The "class" and "mode" fields will reliably be
present. Others may be reported or not depending on the specific device
type.
The ATT object is synchronous to the GNSS epoch. Some devices
report attitude information with arbitrary, even out of order, time scales.
gpsd reports those in an IMU object. The ATT and IMU objects have the
same fields, but IMU objects are output as soon as possible. Some devices
output both types with arbitrary interleaving.
Table 5. ATT object
Name |
Always? |
Type |
Description |
class |
Yes |
string |
Fixed: "ATT" |
device |
Yes |
string |
Name of originating device |
time |
No |
string |
Time/date stamp in ISO8601 format, UTC. May
have a fractional part of up to .001sec precision. |
timeTag |
No |
string |
Arbitrary time tag of measurement. |
heading |
No |
numeric |
Heading, degrees from true north. |
mag_st |
No |
string |
Magnetometer status. |
mheading |
No |
numeric |
Heading, degrees from magnetic north. |
pitch |
No |
numeric |
Pitch in degrees. |
pitch_st |
No |
string |
Pitch sensor status. |
rot |
No |
numeric |
Rate of Turn in dgrees per minute. |
yaw |
No |
numeric |
Yaw in degrees |
yaw_st |
No |
string |
Yaw sensor status. |
roll |
No |
numeric |
Roll in degrees. |
roll_st |
No |
string |
Roll sensor status. |
dip |
No |
numeric |
Local magnetic inclination, degrees,
positive when the magnetic field points downward (into the Earth). |
mag_len |
No |
numeric |
Scalar magnetic field strength. |
mag_x |
No |
numeric |
X component of magnetic field
strength. |
mag_y |
No |
numeric |
Y component of magnetic field
strength. |
mag_z |
No |
numeric |
Z component of magnetic field
strength. |
acc_len |
No |
numeric |
Scalar acceleration. |
acc_x |
No |
numeric |
X component of acceleration (m/s^2). |
acc_y |
No |
numeric |
Y component of acceleration (m/s^2). |
acc_z |
No |
numeric |
Z component of acceleration (m/s^2). |
gyro_x |
No |
numeric |
X component of angular rate (deg/s) |
gyro_y |
No |
numeric |
Y component of angular rate (deg/s) |
gyro_z |
No |
numeric |
Z component of angular rate (deg/s) |
depth |
No |
numeric |
Water depth in meters. |
temp |
No |
numeric |
Temperature at the sensor, degrees
centigrade. |
The heading, pitch, and roll status codes (if present) vary by
device.
For the TNT Revolution digital compasses, they are coded as follows:
Table 6. Device flags
Code |
Description |
C |
magnetometer calibration alarm |
L |
low alarm |
M |
low warning |
N |
normal |
O |
high warning |
P |
high alarm |
V |
magnetometer voltage level alarm |
When the C client library parses a response of this kind, it will
assert ATT_IS.
Here’s an example:
{"class":"ATT","time":1270938096.843,
"heading":14223.00,"mag_st":"N",
"pitch":169.00,"pitch_st":"N", "roll":-43.00,"roll_st":"N",
"dip":13641.000,"mag_x":2454.000}
The IMU object is asynchronous to the GNSS epoch. It is reported
with arbitrary, even out of order, time scales.

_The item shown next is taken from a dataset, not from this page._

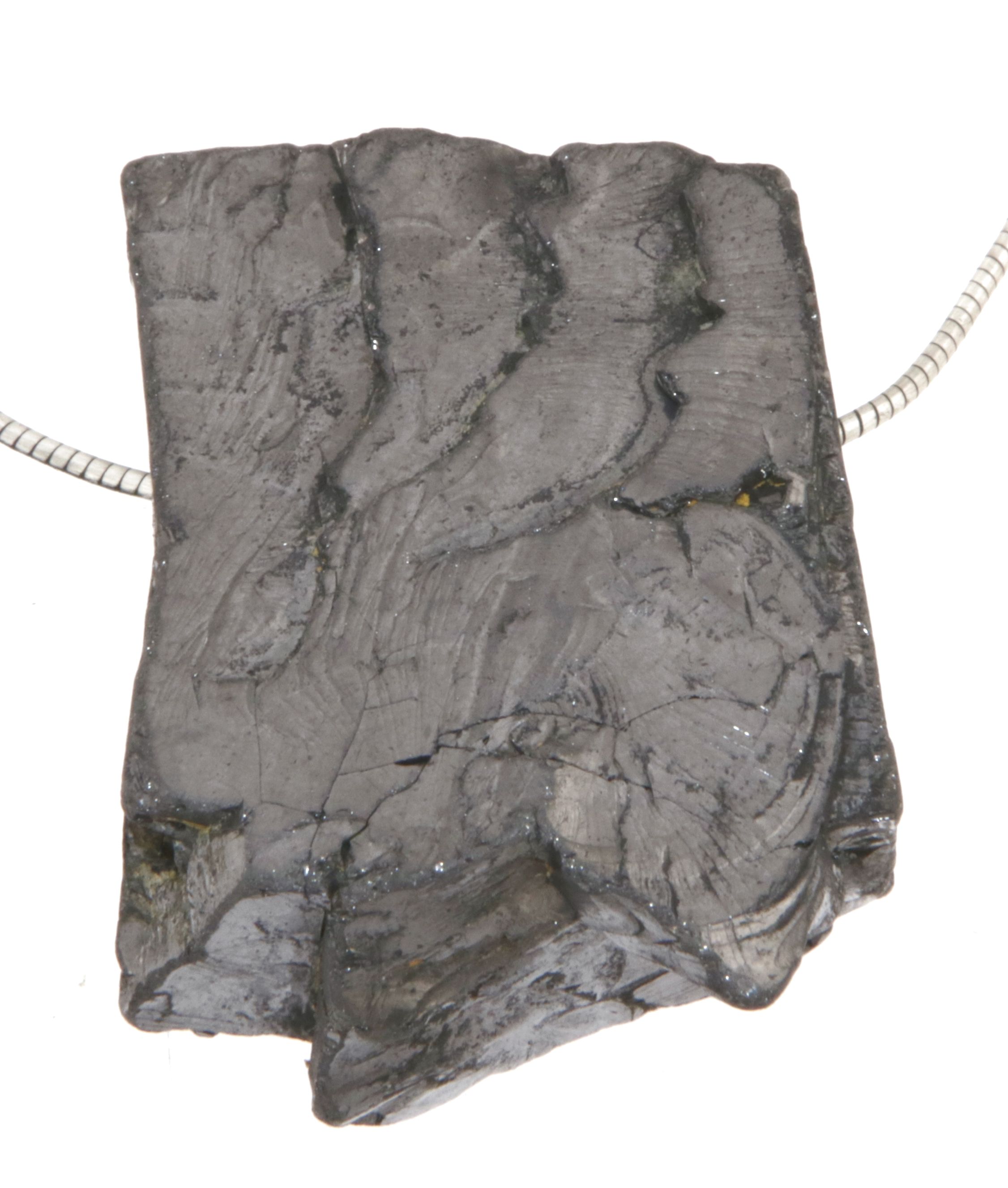 Edelstein Anhänger aus Edelschungit mit einem passenden Stoffband.

The ATT and IMU objects have the same fields, but IMU objects are
output as soon as possible.
Seee the ATT onject description for field details.

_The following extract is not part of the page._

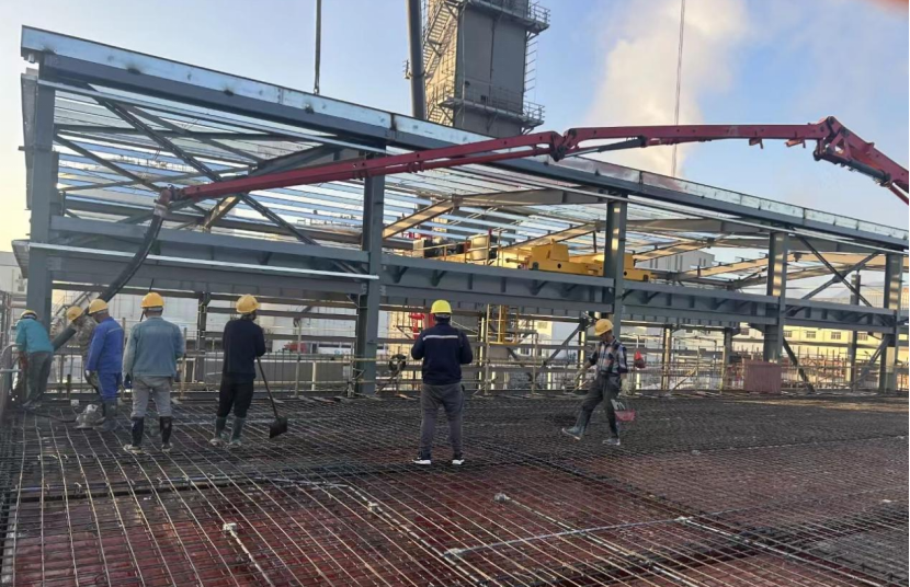 近日,隨著屋面板最后一車(chē)混凝土的澆筑完成,由華東公司承建的廣東河源杭氧空分項(xiàng)目配電房主體結(jié)構(gòu)順利完成封頂。

This message is emitted on each cycle and reports the offset
between the host’s clock time and the GPS time at top of the second
(actually, when the first data for the reporting cycle is received).
This message exactly mirrors the PPS message.
The TOFF message reports the GPS time as derived from the GPS
serial data stream. The PPS message reports the GPS time as derived from the
GPS PPS pulse.
A TOFF object has the following elements:
Table 7. TOFF object
Name |
Always? |
Type |
Description |
class |
Yes |
string |
Fixed: "TOFF" |
device |
Yes |
string |
Name of the originating device |
real_sec |
Yes |
numeric |
seconds from the GPS clock |
real_nsec |
Yes |
numeric |
nanoseconds from the GPS clock |
clock_sec |
Yes |
numeric |
seconds from the system clock |
clock_nsec |
Yes |
numeric |
nanoseconds from the system clock |
This message is emitted once per second to watchers of a device
and is
intended to report the timestamps of the in-band report of the GPS and seconds
as reported by the system clock (which may be NTP-corrected) when the first
valid time stamp of the reporting cycle was seen.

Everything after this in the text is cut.